およそ100人に1人は、生まれたときに心臓に何らかの問題を持っています。このように生まれたときから心臓に異常がある病気を“先天性心疾患”と呼んでいます。
先天性心疾患には、何も治療の必要がない軽いもの、自然治癒するものから、すぐに手術が頻度必要なものや難治性の重症なものまで、さまざまな病態があります。
わが国で多くみられるのが心室中隔欠損症や肺動脈狭窄で、早期に発見することができて、適切な時期に適切な治療を行えば、9割以上が完治します(図1)。
子どもの心臓はまだ形成途中であり、成長の過程で心臓自体の大きさが変わります。したがって、複雑で重症の心疾患の場合は、将来的な形や構造を予測して段階的に手術を施す必要があり、長期にわたるサポートとケアが必要になります。
このように、小児先天性心疾患ではしばしば段階的手術介入を必要とし、再手術の際に臓器損傷の危険の高い癒着剥離を行う必要があります。

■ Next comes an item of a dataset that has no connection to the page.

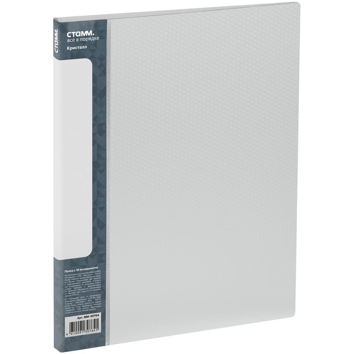 Папка с 10 вкладышами СТАММ "Кристалл" А4, 9мм, 600мкм, пластик, бесцветная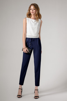 Практичные,стильные и нарядные женские брюки выполнены из мягкого эластичного текстиля. отрезной пояс на резинке на уровне талии даёт чувство комфорта.В пояс протянут шнурок,заязывающийся спереди.По переду от верхнего среза оформлены складки (по одной с каждой стороны). В боковых швах-внутренние карманы.Брюки мягко заужены книзу. Прекрасный вариант летних брюк на каждый день.

しかしながら、癒着を軽減する既製品は現在存在していません。
そこで、生体適合性や生分解性に優れるゼラチンを用いた癒着予防材の開発を進めています。
ゼラチンの乾式紡糸法をベースにゼラチンナノファイバー不織布を調製し、臨床で要求される力学的強度、分解性、臓器への密着性等の実現を目指しています。